We have extracted energies, distances, and rate constants describing aptamer folding by using force to study aptamer kinetics and equilibrium folding transitions. The adenine-induced stabilization of the closing aptamer helix, P1, was described and a quantitative energy landscape for riboswitch aptamer folding was created, dissecting the secondary and tertiary folding events of this RNA structure.
To learn more about this work see Greenleaf, et al. Science, 2008.

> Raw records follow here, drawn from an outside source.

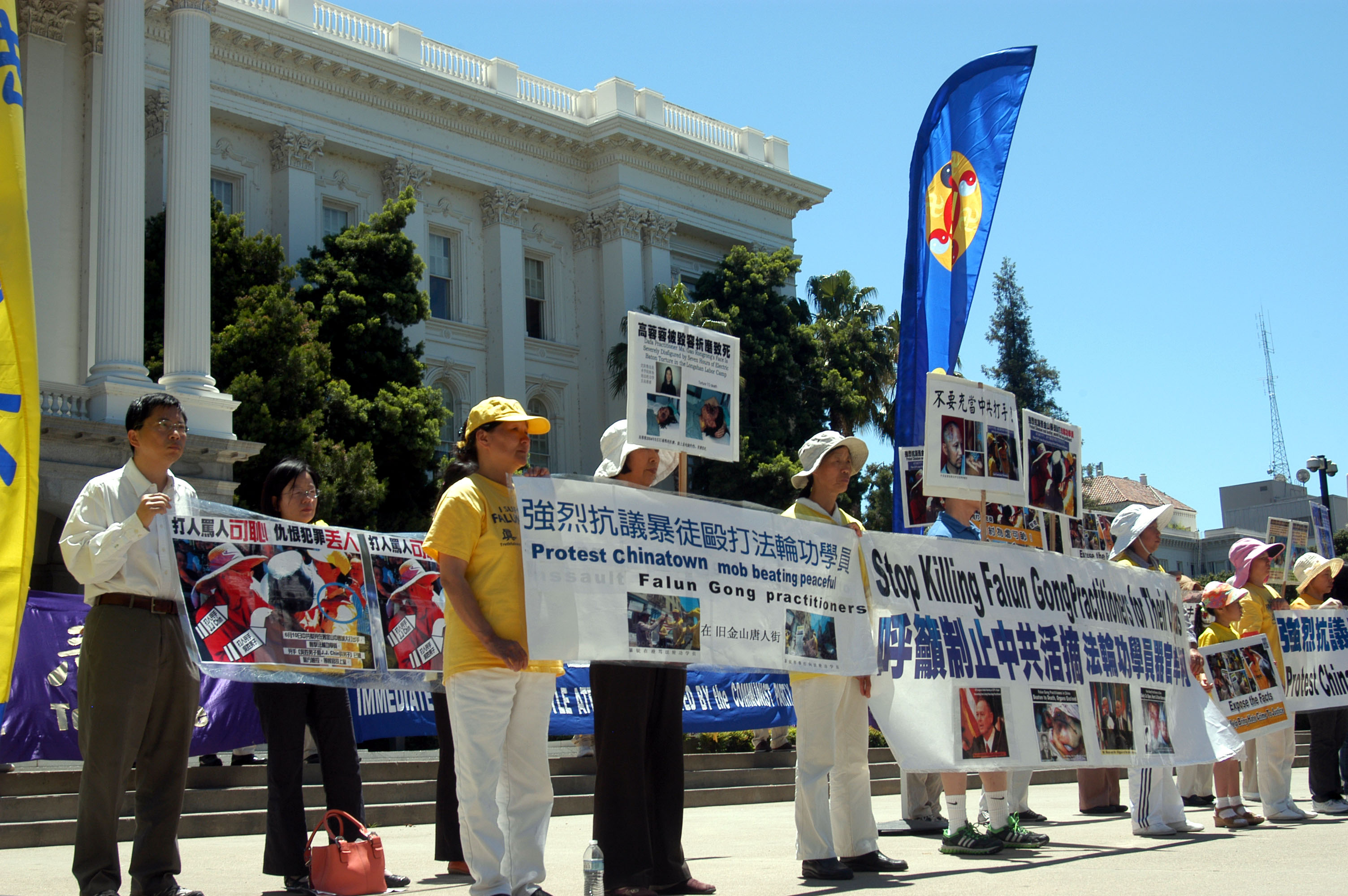 自二零一一年十一月开始至今,旧金山中国城已经连续发生九起针对法轮功学员的暴力攻击事件。每次法轮功学员都遵循“真、善、忍”的原则,打不还手、骂不还口。
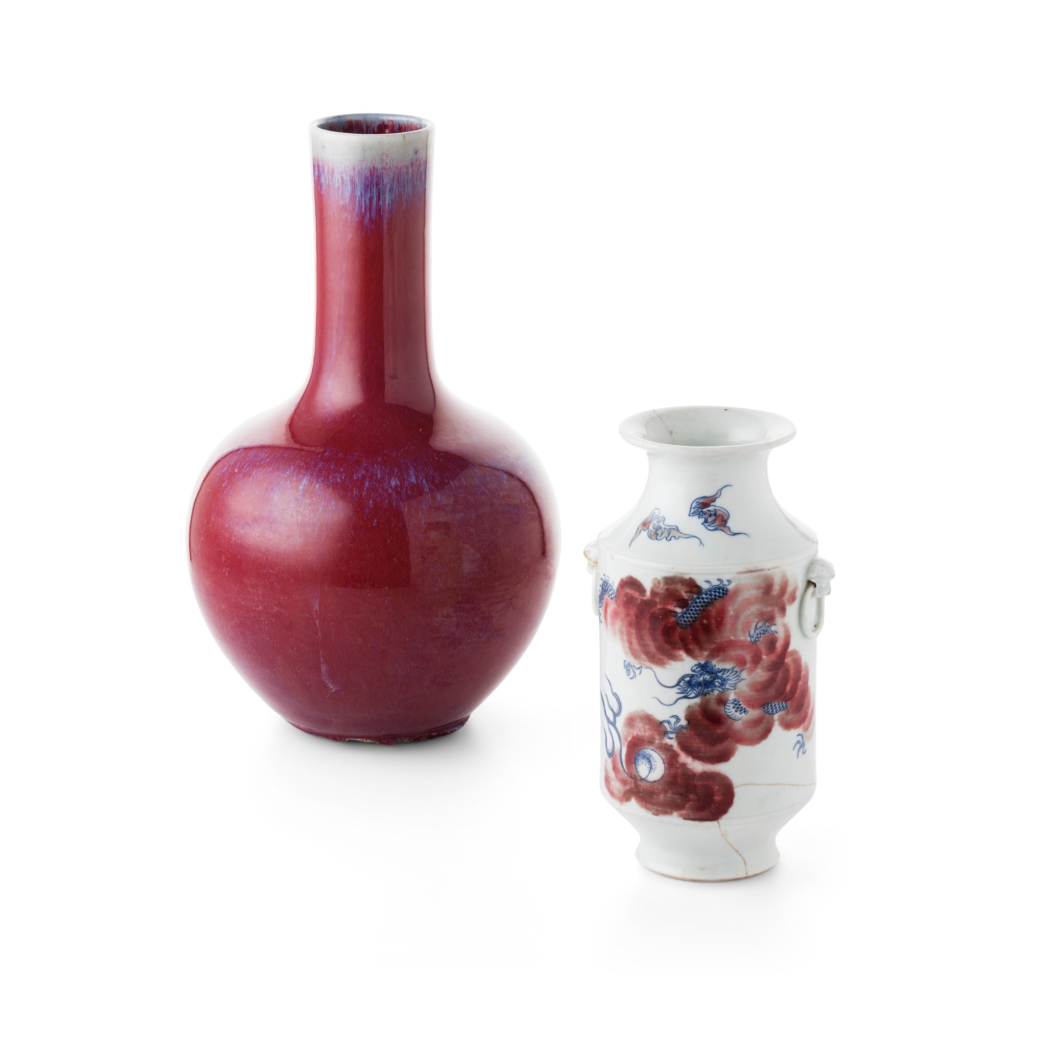 sturdily potted with a globular body and a straight neck, covered overall with an uneven red glaze suffused with lavender and blue streaks; together with a BLUE AND WHITE WITH UNDERGLAZED RED VASE, the cylindrical body painted with a dragon amidst clouds, supported on a splayed foot and surmounted by a waisted neck, attached with two lion-head ring handles on either side of the body, the base inscribed with a four-character Yongzheng mark in underglaze blue
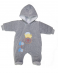 Ciepły watowany pajac niemowlęcy z kapturem polskiego producenta. Pajac zapinany na dwa suwaki, dzięki czemu dziecko można sprawnie ubrać. Pajac dodatkowo pod szyją jest zapięcie na napę, żeby ochronić szyję dziecka przed chłodem. Idealny na chłodne jesienne spacery. Z przodu ozdobiony haftem, rękawy zakończone ściągaczem. Od środka w całości podszyty bawełną.

Combined Optical Trapping and Fluorescence Resonance Energy Transfer
Our lab has recently developed new technologies which combine optical trapping with fluorescence (Lang et al., Nat. Methods 2004, Lang et al. J. Biology 2003), to extend the detection capabilities of the instrument. One such experiment examined the force required to separate short segments of double-stranded DNA. These measurements included the additional element of fluorescent reporting of the DNA unzipping: single fluorophores were attached to each of the two strands of DNA, and their fluorescence was monitored at the same time as force was applied to the DNA with the optical tweezers (figure on left, below). A typical measurement is shown below on the right. At first, the fluorescence (blue trace) is quenched because the fluorophores are close to each other. As we start to pull on the DNA, the force (red trace) increases until the DNA unzips; at this point, the two strands separate, and the fluorescence increases. This technique of combined optical trapping and single-molecule fluorescence should prove to be a powerful and quite general tool for studying single-molecule systems, because it allows us to pinpoint the location of structural changes and to determine the relative timing of events.

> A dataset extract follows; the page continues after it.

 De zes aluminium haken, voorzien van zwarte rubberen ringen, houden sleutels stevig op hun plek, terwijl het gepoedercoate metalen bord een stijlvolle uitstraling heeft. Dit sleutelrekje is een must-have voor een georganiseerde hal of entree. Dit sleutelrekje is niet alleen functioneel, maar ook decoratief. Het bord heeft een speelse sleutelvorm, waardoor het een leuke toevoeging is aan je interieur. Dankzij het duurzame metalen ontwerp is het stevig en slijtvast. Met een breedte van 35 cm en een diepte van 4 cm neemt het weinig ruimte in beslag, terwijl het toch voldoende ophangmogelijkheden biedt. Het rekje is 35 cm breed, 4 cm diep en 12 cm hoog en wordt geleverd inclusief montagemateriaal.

The combination of single molecule fluorescence and optical tweezers in a hairpin unzipping experiment. The addition of the fluorescence signal allows us to better locate, both in space and time, a known structural event relative to an event observed with the optical tweezers (Figure from Lang et al. J. Biology 2003).

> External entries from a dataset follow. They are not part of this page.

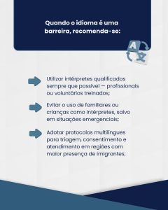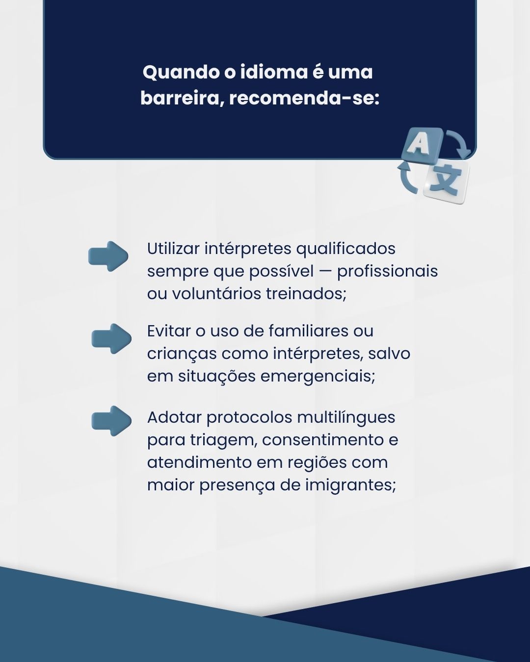 O parecer também ressalta que instituições de saúde em regiões com alta presença de imigrantes devem adotar medidas estruturadas, como:
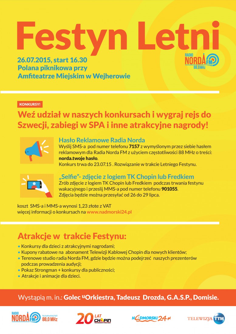 Jeden z konkursów będzie polegał na zrobieniu selfie z logiem Telewizji Kablowej Chopin bądź Fredkiem (maskotką firmy) podczas festynu. Wystarczy, że zrobisz sobie zdjęcie na tle loga i prześlesz je do nas MMS-em pod numer 901055. Zdjęcia można przesyłać od 26 do 29 lipca. Koszt wysłania MMS-a to 1,23 zł z VAT. Wyłonienie finalistów nastąpi do 31 lipca.
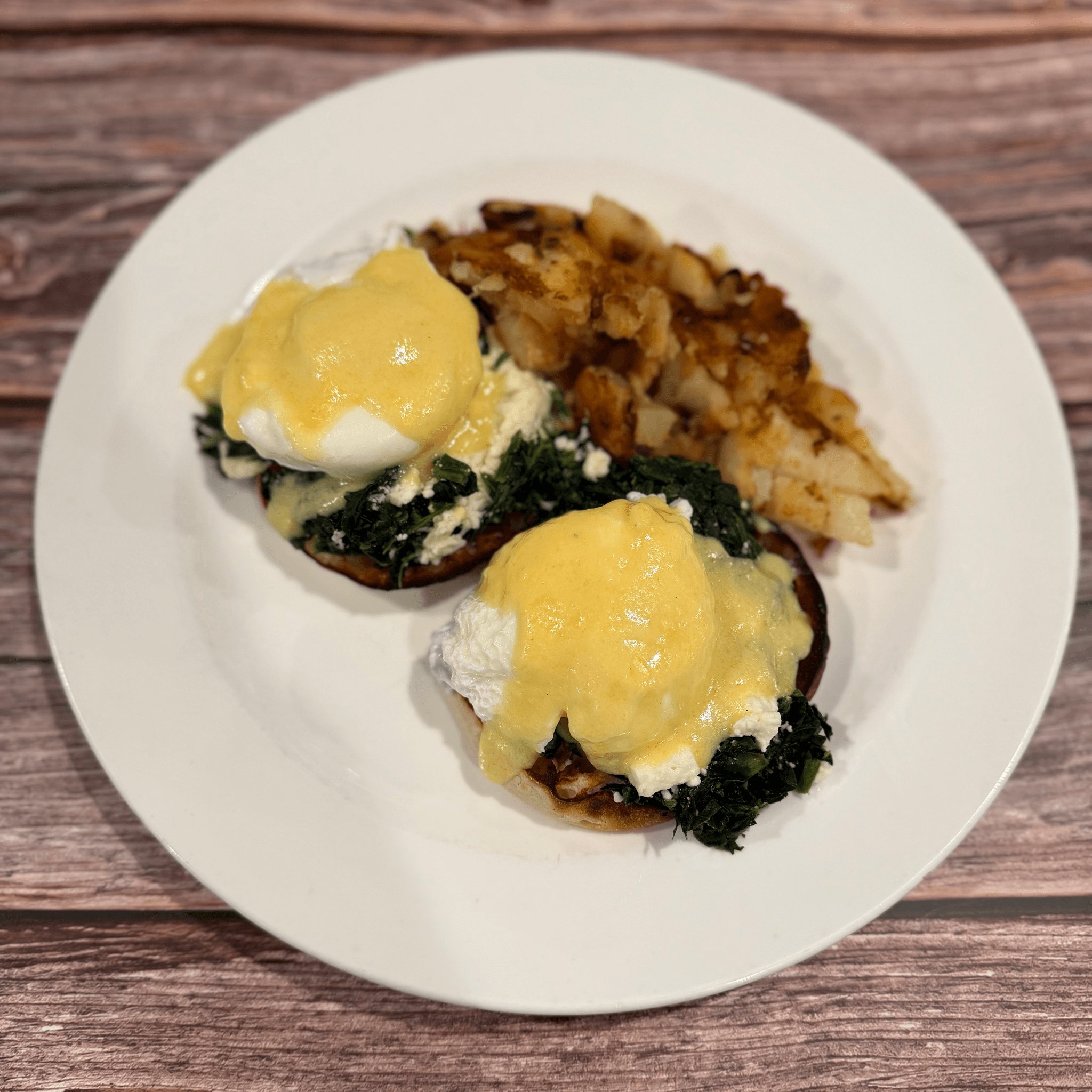 With spinach & feta. Two poached eggs on toasted English muffin topped with hollandaise sauce, served with potatoes

Another recent development is the ability to perform fluorescence resonance energy transfer (FRET) measurements concurrently with optical trapping. Our instrument utilizes a dual trap configuration with fluorescence illumination between the traps. In the example below, a DNA hairpin is held between the traps (left), with fluorescent labels at the base of the hairpin. The hairpin is closed under low force, and opens under high force, with a rip signal evident in the force-vs-extension curve (black). As the hairpin opens, the fluorescence signals change (red and green), and a drop in FRET occurs (blue), due to the sudden increase in extension. We hope to apply this technology to the study of nucleic acid structure, by observing internal structural changes of RNA due to externally applied forces.